Je nach CCC Version schaut das manchmal aber ein bisschen anderes aus bzw die <Feature name=" Zeile unterscheidet sich je nach Version ist aber eh unwichtig .. so du siehst jeweils 3 'Päckchen' mit jeweils 3 Werten am ende bei mir hier im ersten päkchen oben 

<Property name="Want_0" value="35000" />
<Property name="Want_1" value="60000" />
<Property name="Want_2" value="98000" />

Sind jeweils für IDLE, 2D last (Videos, Desktop) , 3D last (Spiele etc) und über den Päckchen steht ja( In der Feature name zeile ) ' CoreClockTarget ', ' MemoryClockTarget ' und ' CoreVoltageTarget ' 

Bei  ' CoreClockTarget ', ' MemoryClockTarget '  müssen jeweils 2x ne '0' hinten dran .. Also wenn du 1050 mhz MemoryClock willst muss es ' 105000 ' heißen bei CoreClock das selbe. Bei Der Voltage denkst du dir einfach nach der Dritten Zahl von HINTEN ein komma dann haste Volt

UNBEDINGT .. drauf achten das du keine 0 zuviel anhängst ( Ich schau vorm speichern nochmal komplett drüber  ) etc... grad bei der Voltage ^^

Funzt einwandfrei und kein bescheuertes Zusatz Programm 

Wer sich wundert warum die IDLE werte bei mir so hoch sind... Graka schmiert mit niedrigeren werten ab ^^ ( 6870 )
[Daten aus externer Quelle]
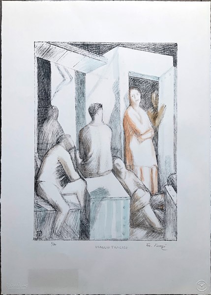 Ferruccio Ferrazzi "Viaggio tragico" 1976 litografia a colori cm 66x46 firmata e
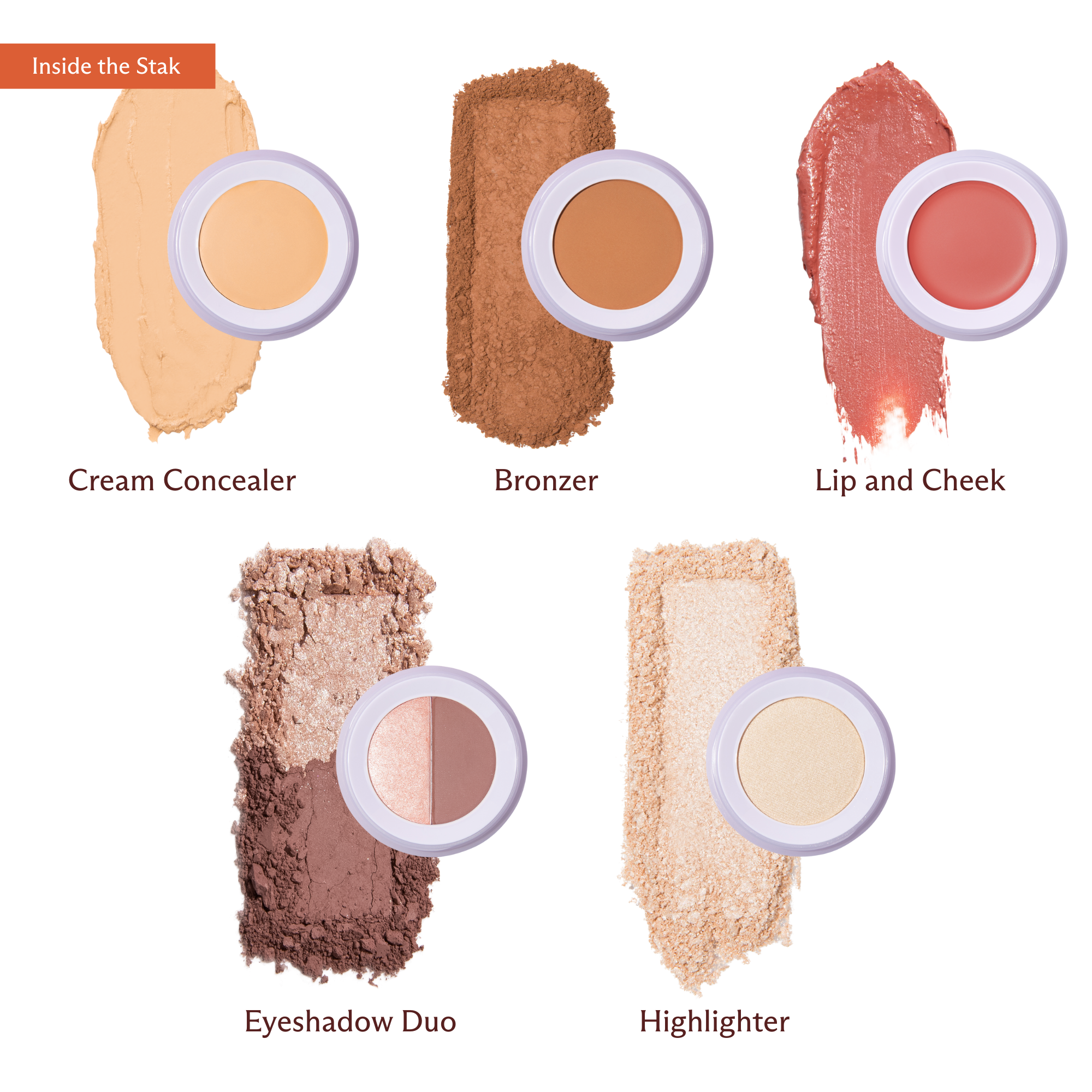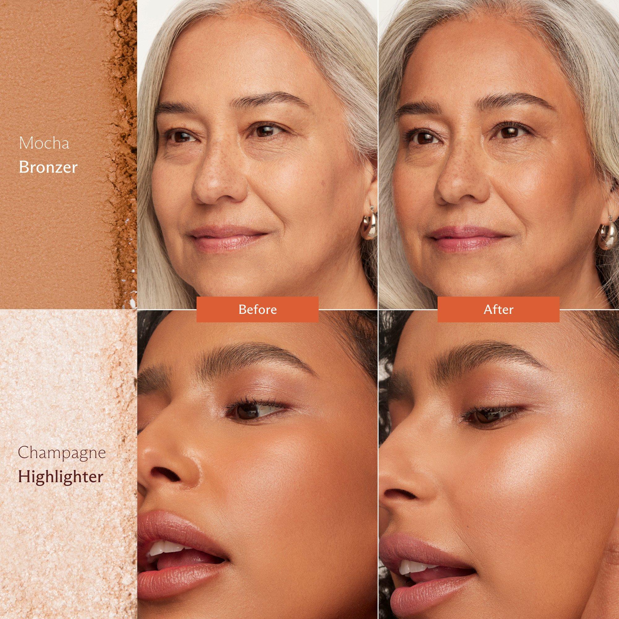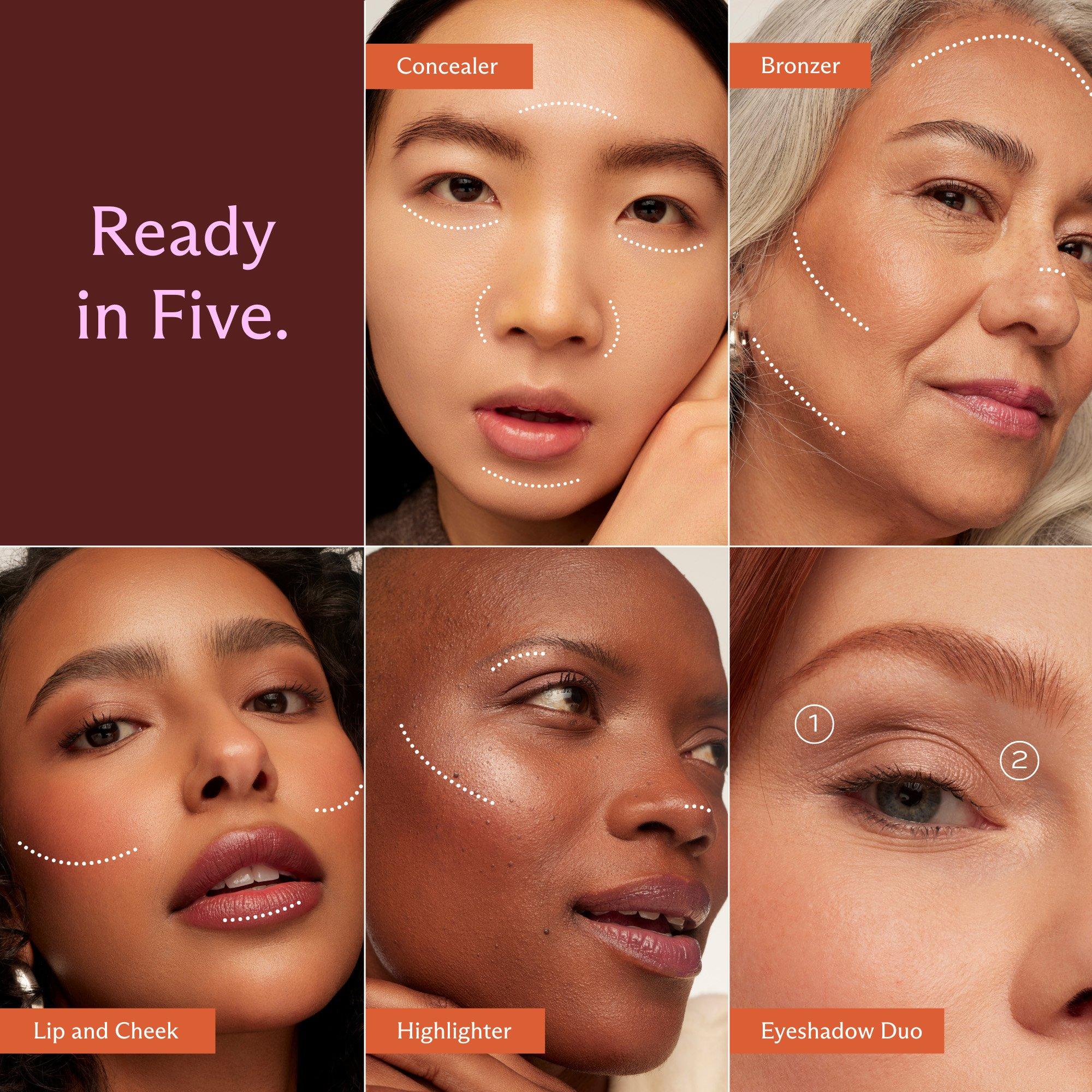Your all-in-one stackable set for a full face in minutes. Brighten with concealer, add warmth with bronzer, sweep on eyeshadow, and finish with lip, cheek, and highlighter. Kit complete with travel mirror and mini brush for effortless application anytime, anywhere.

Hab auch ne zeit lang Trixx+Afterburner verwendet aber da schleuder ich lieber anders meine 'CPU leistung' zum Fenster raus .. Rainmeter zb ^^


----------



## Eol_Ruin (13. September 2012)

*AW: Sapphire Trixx - Bugs beim Übertakten? + Verbesserungsvorschläge (HD 7950 3GB)*



Ghostknight schrieb:


> Ok eine andere Möglichkeit die ich selber auch benutze ( wie Eol_Ruin schon sagte kannste bei den meisten Saphirre karten net die Spannung ändern ( bei meiner auch.. hatte es aber leider vergessen ^^ ))
> 
> Machst folgendes !
> 
> ...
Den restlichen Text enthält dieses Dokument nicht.